BEGIN DATA SUPPLIED

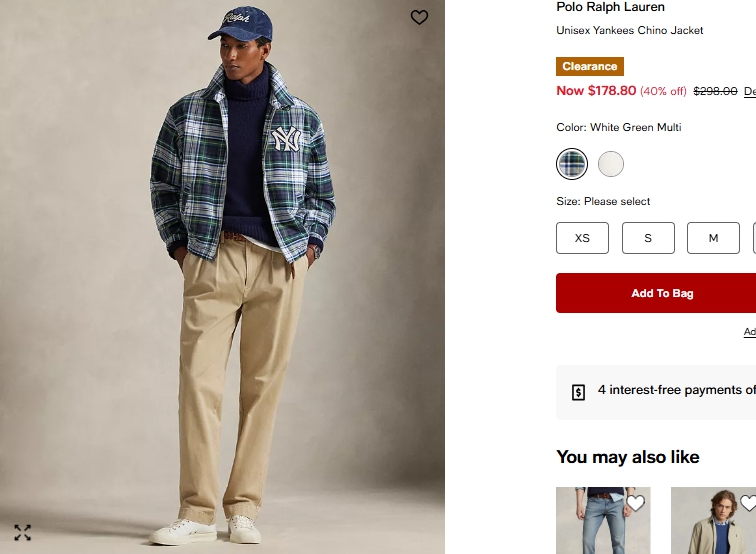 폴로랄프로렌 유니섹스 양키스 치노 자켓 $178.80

END DATA SUPPLIED
BEGIN DATA SUPPLIED

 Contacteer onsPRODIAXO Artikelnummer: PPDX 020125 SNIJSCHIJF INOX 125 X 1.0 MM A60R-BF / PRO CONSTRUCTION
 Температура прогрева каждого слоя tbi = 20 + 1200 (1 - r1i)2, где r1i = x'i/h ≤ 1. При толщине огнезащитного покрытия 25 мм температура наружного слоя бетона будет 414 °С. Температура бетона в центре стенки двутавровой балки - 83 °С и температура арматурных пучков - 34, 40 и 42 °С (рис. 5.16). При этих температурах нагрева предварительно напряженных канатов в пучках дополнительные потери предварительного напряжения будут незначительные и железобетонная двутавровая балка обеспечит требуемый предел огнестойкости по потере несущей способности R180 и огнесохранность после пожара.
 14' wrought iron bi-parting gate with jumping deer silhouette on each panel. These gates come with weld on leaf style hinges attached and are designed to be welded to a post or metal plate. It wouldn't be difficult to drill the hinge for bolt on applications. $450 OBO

END DATA SUPPLIED

§ **PROBLEM TO SOLVE**: All lines above from the one containing "Температура прогрева каждого" to the one containing "14' wrought iron" must be repeated exactly, both lines included, and no others.

§ **SOLUTION FOR THIS TASK**:
 Температура прогрева каждого слоя tbi = 20 + 1200 (1 - r1i)2, где r1i = x'i/h ≤ 1. При толщине огнезащитного покрытия 25 мм температура наружного слоя бетона будет 414 °С. Температура бетона в центре стенки двутавровой балки - 83 °С и температура арматурных пучков - 34, 40 и 42 °С (рис. 5.16). При этих температурах нагрева предварительно напряженных канатов в пучках дополнительные потери предварительного напряжения будут незначительные и железобетонная двутавровая балка обеспечит требуемый предел огнестойкости по потере несущей способности R180 и огнесохранность после пожара.
 14' wrought iron bi-parting gate with jumping deer silhouette on each panel. These gates come with weld on leaf style hinges attached and are designed to be welded to a post or metal plate. It wouldn't be difficult to drill the hinge for bolt on applications. $450 OBO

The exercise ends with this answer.